_EXERCISE OBJECTIVE_:
Quote the records exactly, starting at the first line and stopping after the line with "Conclusion de Guerra"; skip the pictures.

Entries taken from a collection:

══════════

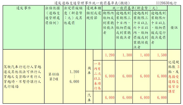 CLN城市生活報 | 本報編輯部 新北編輯報導 | 2023.10.02 | 新北市交通事件裁決處統計,汽機車行近行人穿越道不停讓行人新法上路2個月以來,車輛不停讓行人違規件數較去(111)年同期大幅增加2.6倍;裁決處呼籲汽機車駕駛人行近行人穿越道或可供行人穿越的路口時,一定要停讓行人先行,共同維護行人友善環境。 裁決處長李忠台表示,自今(112)年6月30日起,汽機車行近行人穿越道或其他依法可供行人穿越的交岔路口不停讓行人,最高可罰6,000元,並記違規點數3點(違規點數1年內達12點,吊扣駕駛執照2個月)及應接受道路交通安全講習3小時。裁決處經統計7、8月車輛不停讓行人違規件數有7,480件,比起去年同期2,940件,大幅增加了2.6倍之多。 裁決處再次提醒汽機車駕駛人行近行人穿越道或可供行人穿越的路口時,一定要停讓行人,除保護行人和自身安全外,並避免受罰;另外,如需查詢交通違規記點資料,可透過監理服務網(https://www.mvdis.gov.tw/m3-emv-vil/vil/driverPenalty)或以手機下載監理服務APP查詢,或尚未繳納罰鍰前亦可利用四大超商(統一、全家、萊爾富、OK)的多媒體機查詢,或撥打裁決處服務電話02-89786101轉9,該處派有專人為您服務。 |
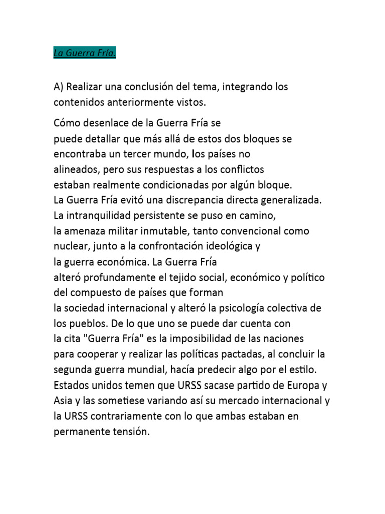 Conclusion de Guerra Fría. Páginas: 4 (929 palabras) Publicado: 19 de noviembre de 2014. Se podría decir que el propósito de la guerra fría, no fue para nada una guerra ideológica, sino mucho menos que eso, fue la competencia entre dos países, que al encontrarse en el momento preciso, enel instante preciso, quisieron, cada uno por su.
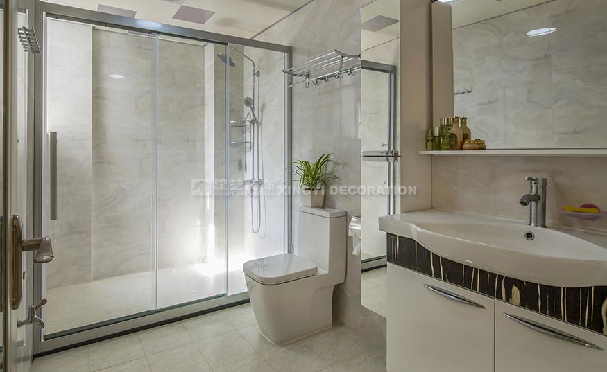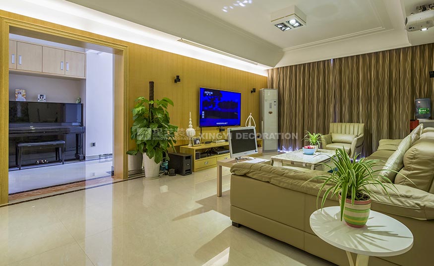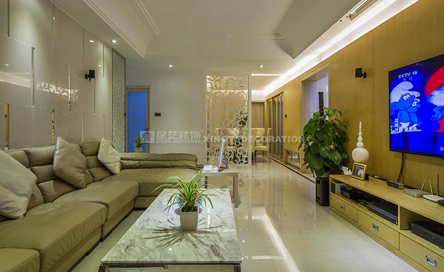 玄關(guān)的面積較大,為了充分利用空間,在與業(yè)主溝通后把原來鋼琴放置在這里,增添了一絲音樂的氣息。魚缸則讓人感受到空間的活力。為了營造玄關(guān)的藝術(shù)氛圍,玄關(guān)處采用了大幅馬賽克裝飾畫,豐富了空白單調(diào)的墻面??蛷d與餐廳原本是相連的,在與業(yè)主溝通后覺得兩者之間太空洞了,空間顯得過于單薄,沒有層次感。為了不影響采光,把客廳和餐廳之間設(shè)計了鏤空圖案隔斷,不僅隔開兩個功能區(qū)域,還能制造出錯落有致的光影,使得光線能隨著人與日光的變換而變換,讓客廳倍具時尚感。隔斷的圖案與客廳背景一致,這樣空間更加對稱,也更加有層次感??蛷d的整體色調(diào)為木色,沙發(fā)背景用了冷色調(diào),冷暖對比,在空間里增添一些綠色植物,木色撞上綠色植物,讓人一進入空間就有一種進入大自然的感覺。臥室統(tǒng)一色調(diào)溫馨靜謐,主衛(wèi)采用了現(xiàn)代感極強的光面白色瓷磚,潔具選擇上選擇了白色為主,使空間看起來更加簡潔干凈。
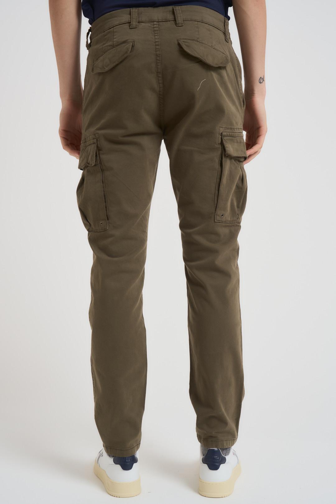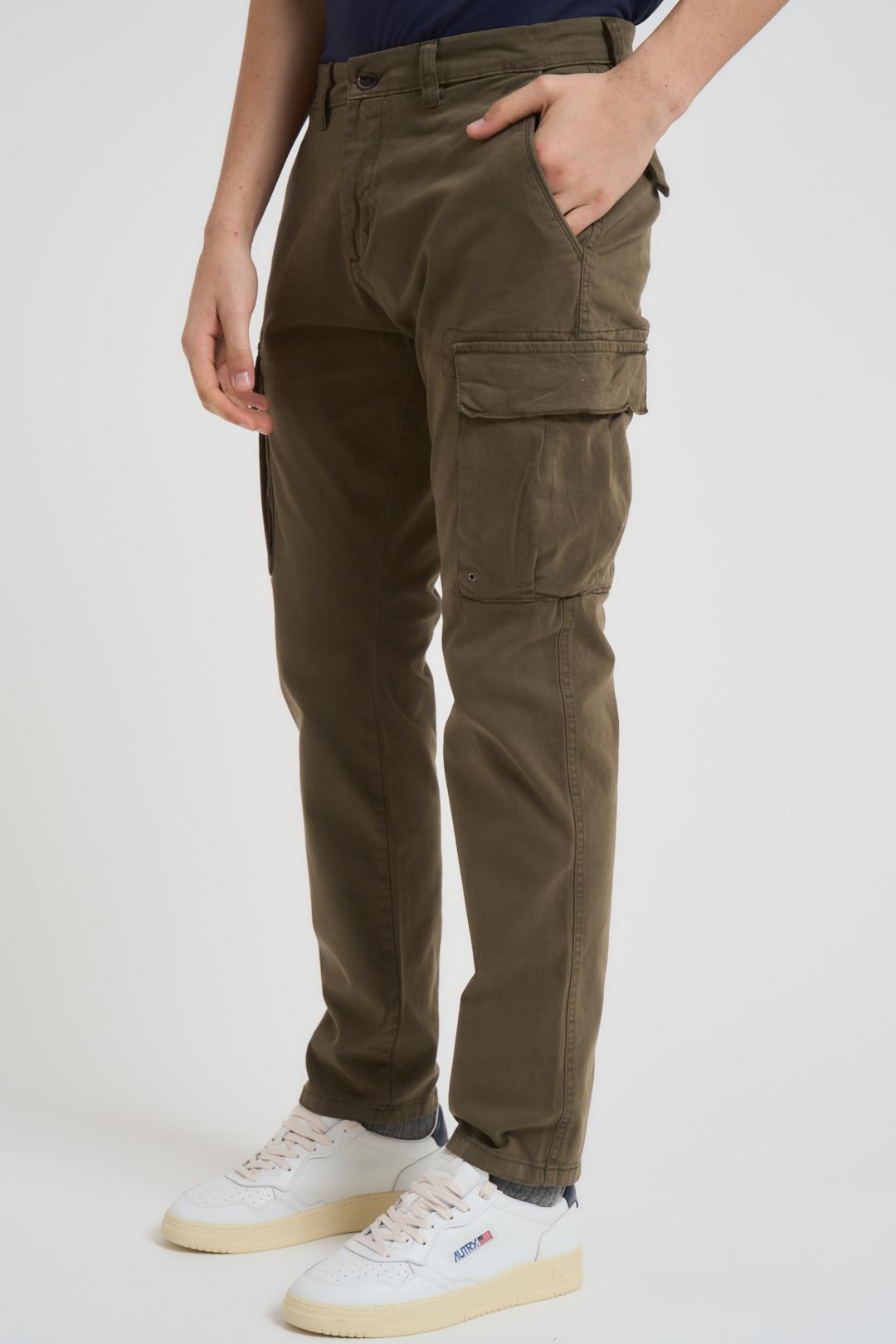 MAIN DELUXE Pantalone uomo cargo verde militare. Modello con due tasche laterali con patta, passanti in vita e chiusura con zip e bottone. Composizione: cotone. Il modello è alto 190cm e indossa la taglia 34.
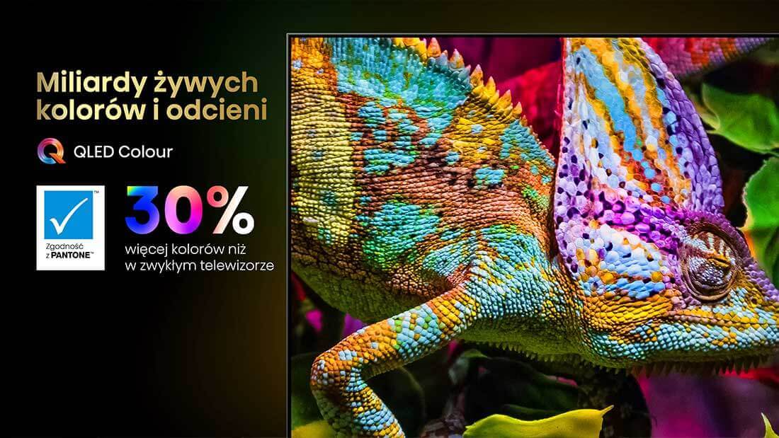 Poznaj niezwykłe możliwości technologii kropek kwantowych. Dzięki technologii QLED Quantum Dot każda scena na ekranie zachwyca bogactwem realistycznych, nasyconych i wyrazistych barw. Zobacz najdrobniejsze różnice w odcieniach i odkryj prawdziwe piękno kolorów.
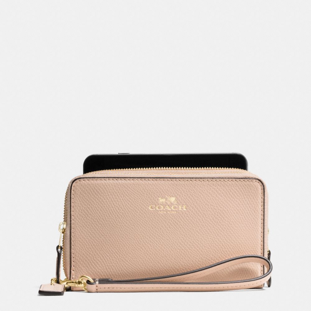DOUBLE ZIP PHONE WALLET IN CROSSGRAIN LEATHER
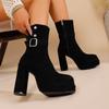 Мода Винтаж Платформа Толстый Высокий Каблук Женские Ботильоны Мода Боковая Молния Осень Зима Женские Вестерн Короткие Ботильоны Zapatos De Mujer
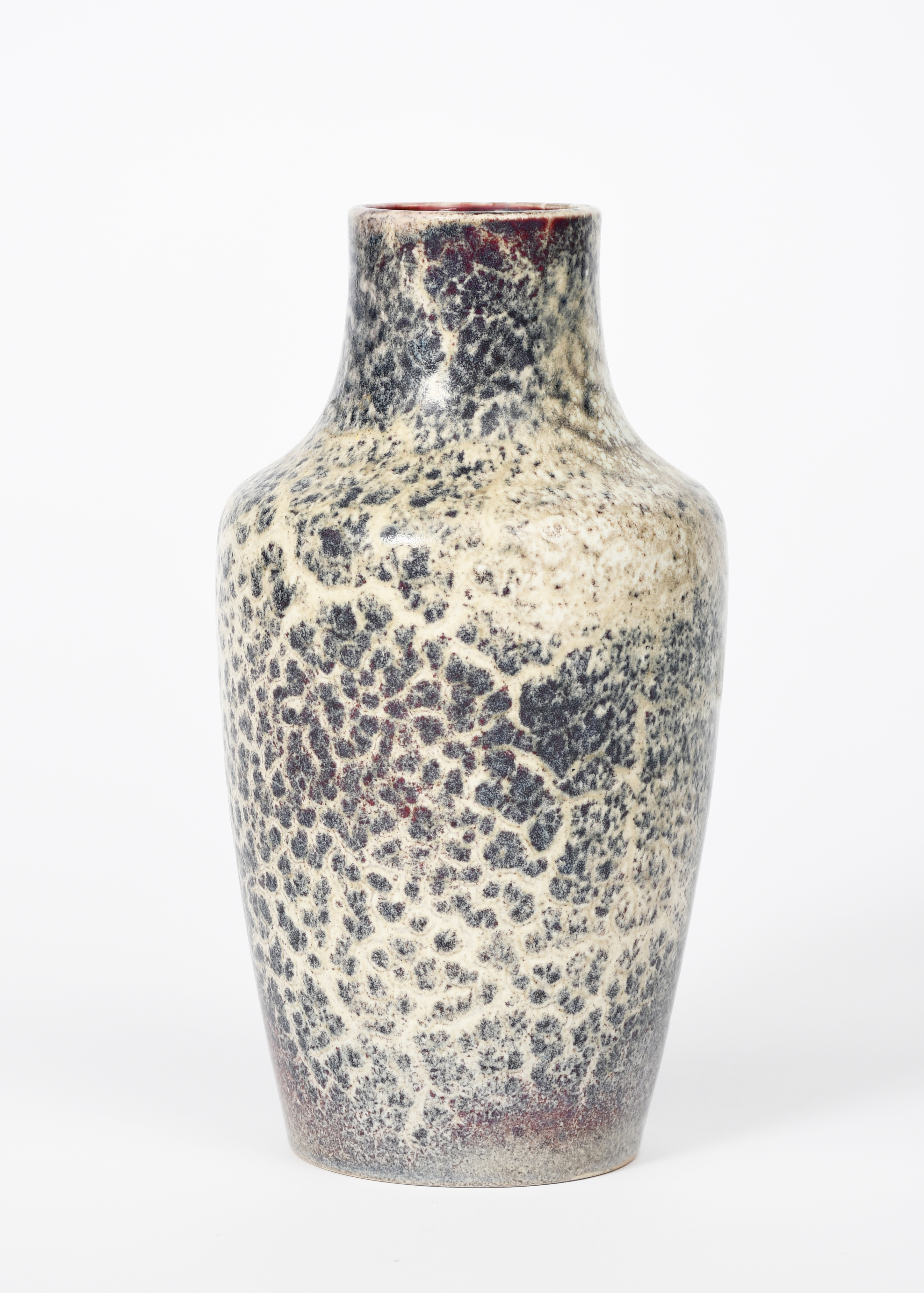 A Ruskin Pottery high-fired stoneware vase by William Howson Taylor, dated 1920, shouldered form, covered in a fissured purple and blue glaze over white, with flambe patches, impressed marks, professional restoration to neck, 20.5cm. high

══════════

_ANSWER TO THIS EXERCISE_:
 CLN城市生活報 | 本報編輯部 新北編輯報導 | 2023.10.02 | 新北市交通事件裁決處統計,汽機車行近行人穿越道不停讓行人新法上路2個月以來,車輛不停讓行人違規件數較去(111)年同期大幅增加2.6倍;裁決處呼籲汽機車駕駛人行近行人穿越道或可供行人穿越的路口時,一定要停讓行人先行,共同維護行人友善環境。 裁決處長李忠台表示,自今(112)年6月30日起,汽機車行近行人穿越道或其他依法可供行人穿越的交岔路口不停讓行人,最高可罰6,000元,並記違規點數3點(違規點數1年內達12點,吊扣駕駛執照2個月)及應接受道路交通安全講習3小時。裁決處經統計7、8月車輛不停讓行人違規件數有7,480件,比起去年同期2,940件,大幅增加了2.6倍之多。 裁決處再次提醒汽機車駕駛人行近行人穿越道或可供行人穿越的路口時,一定要停讓行人,除保護行人和自身安全外,並避免受罰;另外,如需查詢交通違規記點資料,可透過監理服務網(https://www.mvdis.gov.tw/m3-emv-vil/vil/driverPenalty)或以手機下載監理服務APP查詢,或尚未繳納罰鍰前亦可利用四大超商(統一、全家、萊爾富、OK)的多媒體機查詢,或撥打裁決處服務電話02-89786101轉9,該處派有專人為您服務。 |
 Conclusion de Guerra Fría. Páginas: 4 (929 palabras) Publicado: 19 de noviembre de 2014. Se podría decir que el propósito de la guerra fría, no fue para nada una guerra ideológica, sino mucho menos que eso, fue la competencia entre dos países, que al encontrarse en el momento preciso, enel instante preciso, quisieron, cada uno por su.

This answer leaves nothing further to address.